(Provided data)

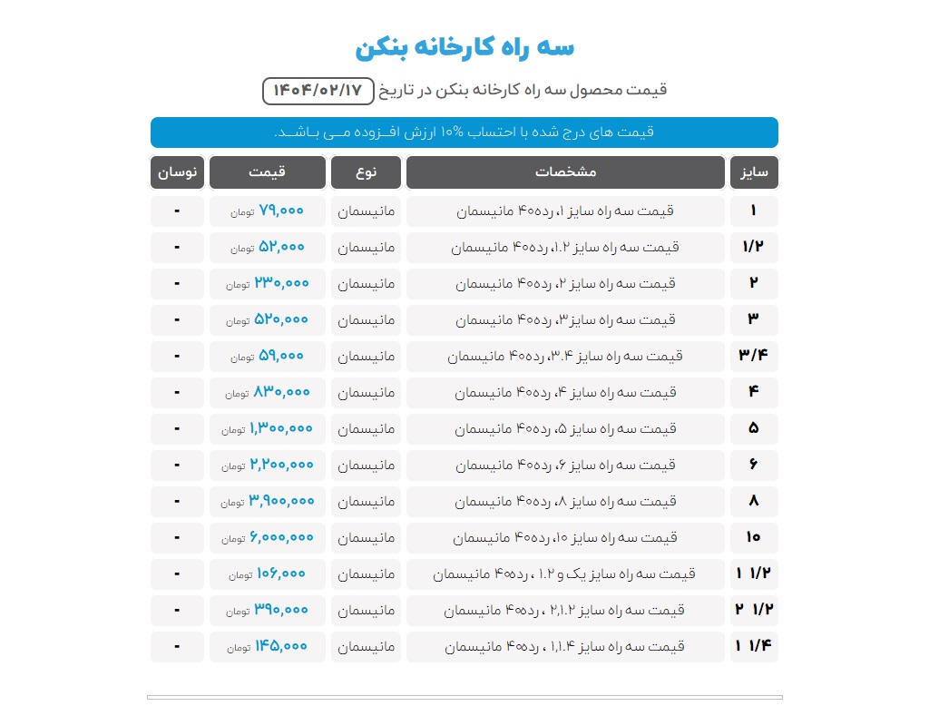 حالا که درباره قیمت سه راه بنکن صحبت کردیم، بد نیست اشاره‌ای هم به این بکنیم که در بازار ایران این سه راه مانیسمان در چه انواع و ابعادی وارد شده و به فروش می‌رسد.
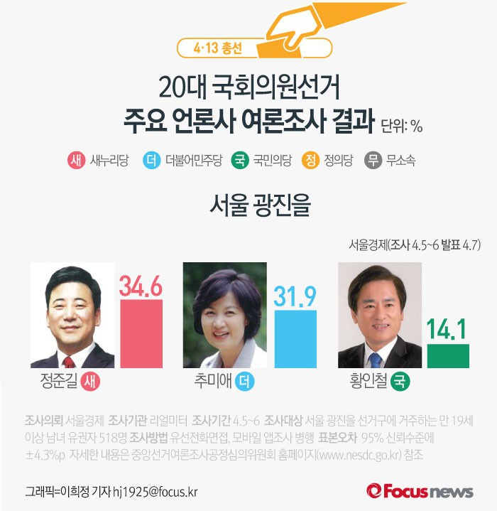 (서울=포커스뉴스) 서울경제가 리얼미터에 의뢰해 5~6일 실시한 서울 광진을 여론조사 결과에 따르면 새누리당 정준길 후보의 지지율은 34.6%, 더불어민주당 추미애 후보의 지지율은 31.9%, 국민의당 황인철 후보는 14.1%로 나타났다.
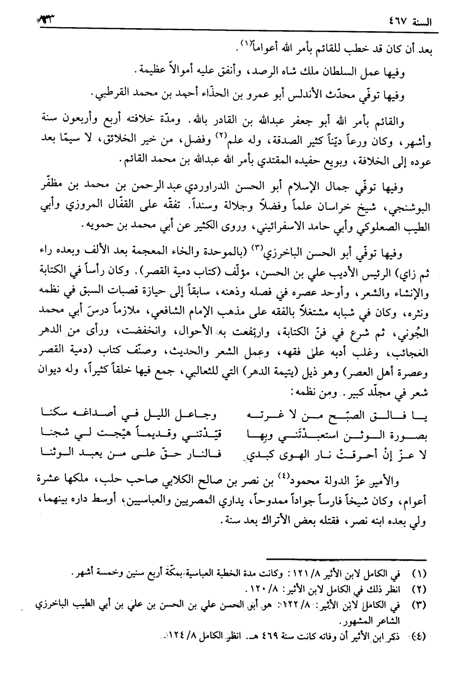 وفيها توفي محدث الأندلس أبو عمرو بن الحذاء أحمد بن محمد القرطبي. والقائم بأمر الله أبو جعفر عبد الله بن القادر بالله. ومدة خلافته أربع وأربعون سنة وأشهر، وكان ورعاً ديناً كثير الصدقة، وله علم وفضل، من خير الخلائق، لا سيما بعد عوده إلى الخلافة، وبويع حفيده المقتدي بأمر الله عبد الله بن محمد القائم. وفيها توفي جمال الإسلام أبو الحسن الدراوردي عبد الرحمن بن محمد بن مظفر البوشنجي، شيخ خراسان علماً وفضلاً وجلالة وسنداً. تفقه على القفال المروزي وأبي الطيب الصعلوكي وأبي حامد الاسفرائيني، وروى الكثير عن أبي محمد بن حمويه. وفيها توفي أبو الحسن الباخرزي بالموحدة والخاء المعجمة بعد الألف وبعده راء ثم زاي الرئيس الأديب علي بن الحسن، مؤلف كتاب دمية القصر. وكان رأساً في الكتابة والإنشاء والشعر، وأوحد عصره في فصله وذهنه، سابقاً إلى حيازة قصبات السبق في نظمه ونثره، وكان في شبابه مشتغلاً بالفقه على مذهب الإمام الشافعي، ملازماً درس أبي محمد الجوني، ثم شرع في فن الكتابة، وارتفعت به الأحوال، وانخفضت، ورأى من الدهر العجائب، وغلب أدبه على فقهه، وعمل الشعر والحديث، وصنف كتاب دمية القصر وعصرة أهل العصر وهو ذيل يتيمة الدهر التي للثعالبي، جمع فيها خلقاً كثيراً، وله ديوان شعر في مجلد كبير. ومن نظمه:
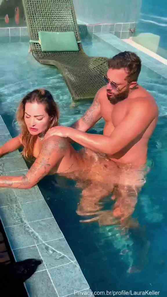 Laura Keller metendo na piscina
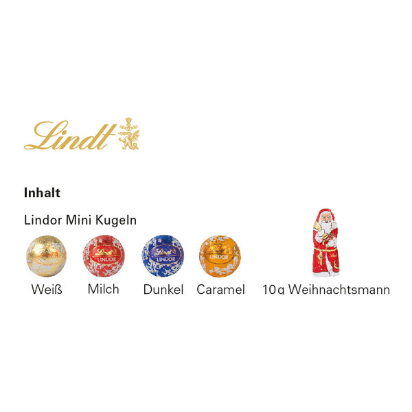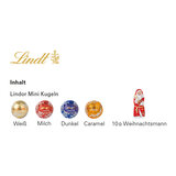 Vier Sorten Lindor Mini Kugeln von Lindt, bunt gemischt, 18 g und ein Lindt Weihnachtsmann, 10 g
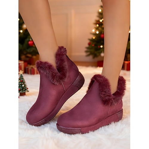 stivali da neve invernali da donna foderati in pelliccia sintetica color bordeaux con cerniera laterale, stivaletti caldi e impermeabili alla caviglia per l'uso all'aperto durante il freddo
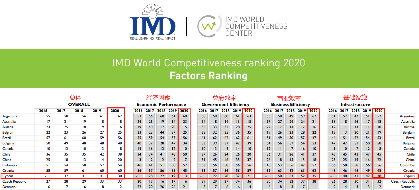 2020年世界競(jìng)爭(zhēng)力中心報(bào)告中被評(píng)為最進(jìn)步的國(guó)家,塞浦路斯目前在63個(gè)國(guó)家中排名第30位,而2019年為41個(gè),排名上升11位,在稅收政策方面,該國(guó)排在第13位。
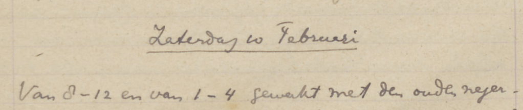 Van 8-12 en van 1-4 gewerkt met den ouden neger. Hij kent de taal goed, hoewel ook hij wel enkele woorden vergeten is. Soms komen ze weer bij hem op onder het vertellen Maar van een ethnol. standpunt beschouwd zijn zijn
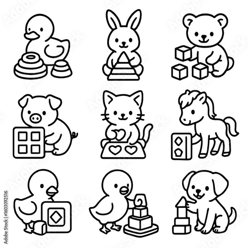 Baby Animal Shape Toys. Line style icons of baby animal stacking and sorting toys: duckling sorting circles, bunny stacking
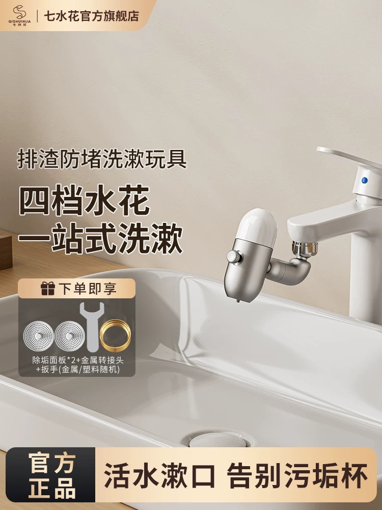 七水花小喷泉水龙头延伸器万向可旋转防溅水神器起泡器增压洗漱口
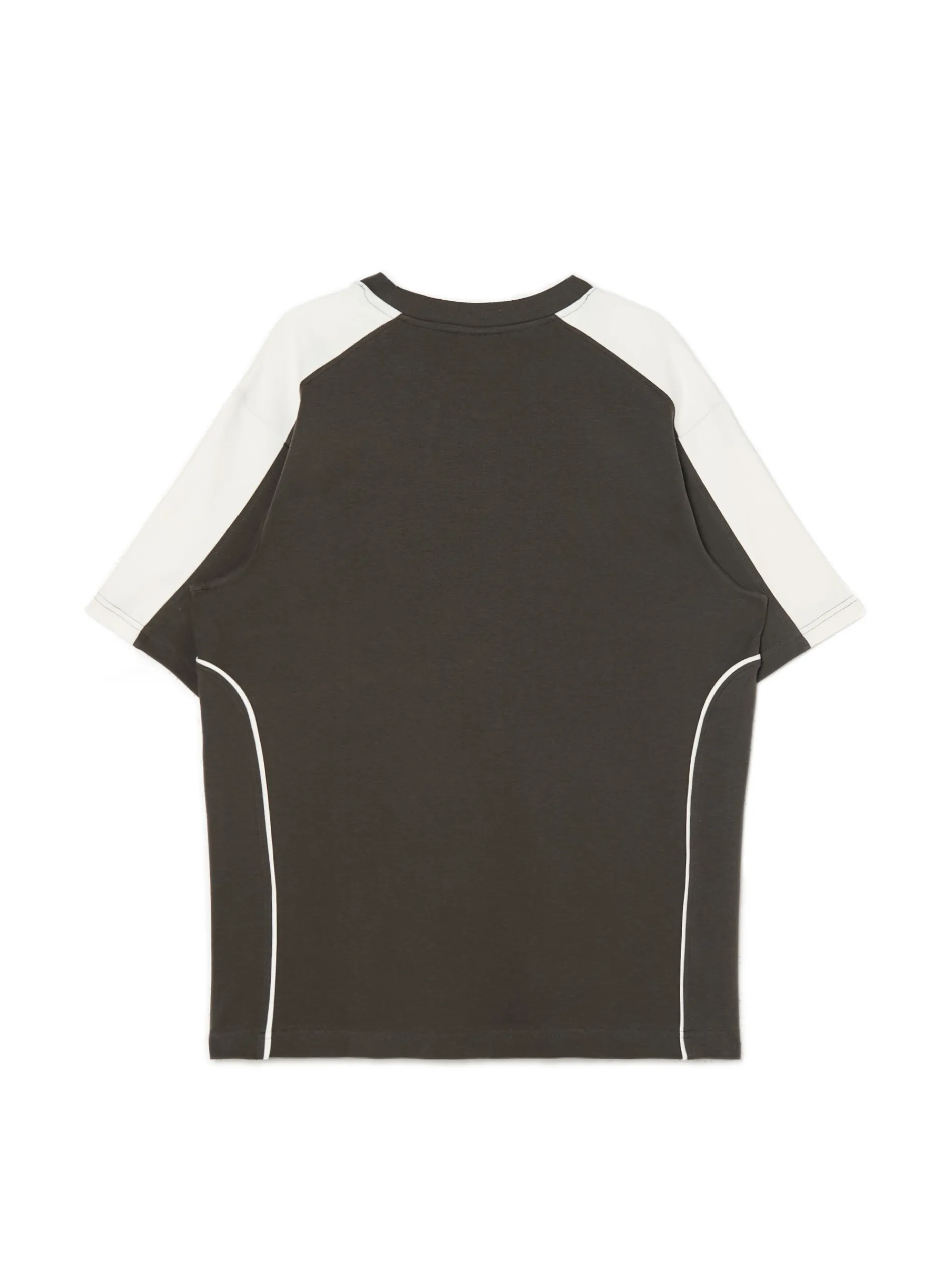 Męska koszulka z krótkim rękawem uszyta z oddychającej, bawełnianej dzianiny. Idealna na rower, deskę, czy spontaniczne wypady z ekipą. 100% bawełny wygodny krój comfort okrągły dekolt z lamówką krótkie rękawy kontrastowy nadruk z przodu ozdobne przeszycia
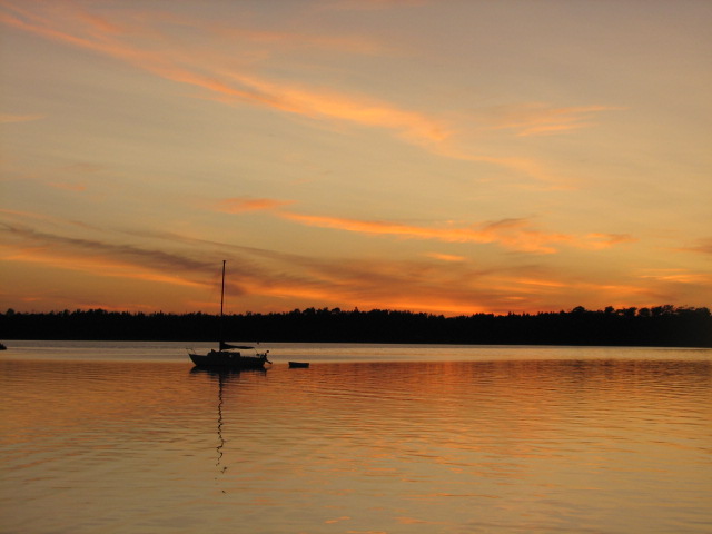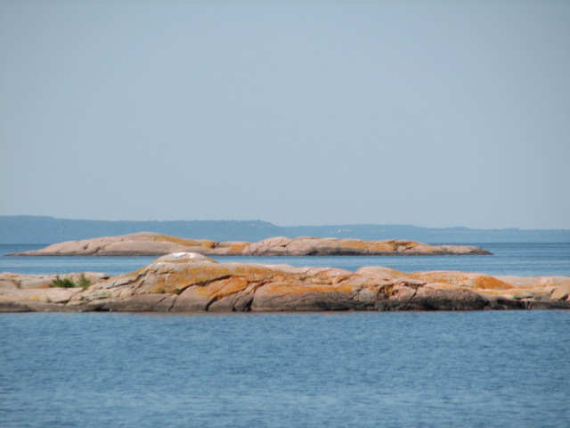We left at 11:00 this morning and headed over to John Island – there wasn’t even a breeze! We had plenty of company though and another herd of small annoying insects followed us over. They didn’t live very long, just long enough to make a mess all over the outside of the boat! Luckily though, Dennis cleaned everything off fairly quickly with buckets of water and a rag. I did find a really interesting bug sitting on the hatch. I am not sure what it is – none of my books have it listed. I hope it isn’t the last of its kind because it disappeared after I took its picture!
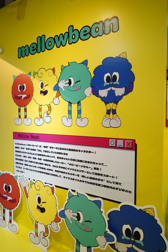 初日には、韓国のmellowbean Inc. CEO チェ・ジヒ氏も来日し、mellowbean(メロービーン)の世界を語りました。また、mellowbeanの特大オブジェの展示と、クリスマスとmellowbeanを掛け合わせた、クリスマスギフトのフォトスポットも、公開。

(End Provided data)

__Activity__:
Within the listing above, extract exactly the lines that run from the one containing "七水花小喷泉水龙头延伸器万向可旋转防溅水神器起泡器增压洗漱口" through the one containing "Męska koszulka z", excluding any pictures.

__Written solution__:
 七水花小喷泉水龙头延伸器万向可旋转防溅水神器起泡器增压洗漱口
 Męska koszulka z krótkim rękawem uszyta z oddychającej, bawełnianej dzianiny. Idealna na rower, deskę, czy spontaniczne wypady z ekipą. 100% bawełny wygodny krój comfort okrągły dekolt z lamówką krótkie rękawy kontrastowy nadruk z przodu ozdobne przeszycia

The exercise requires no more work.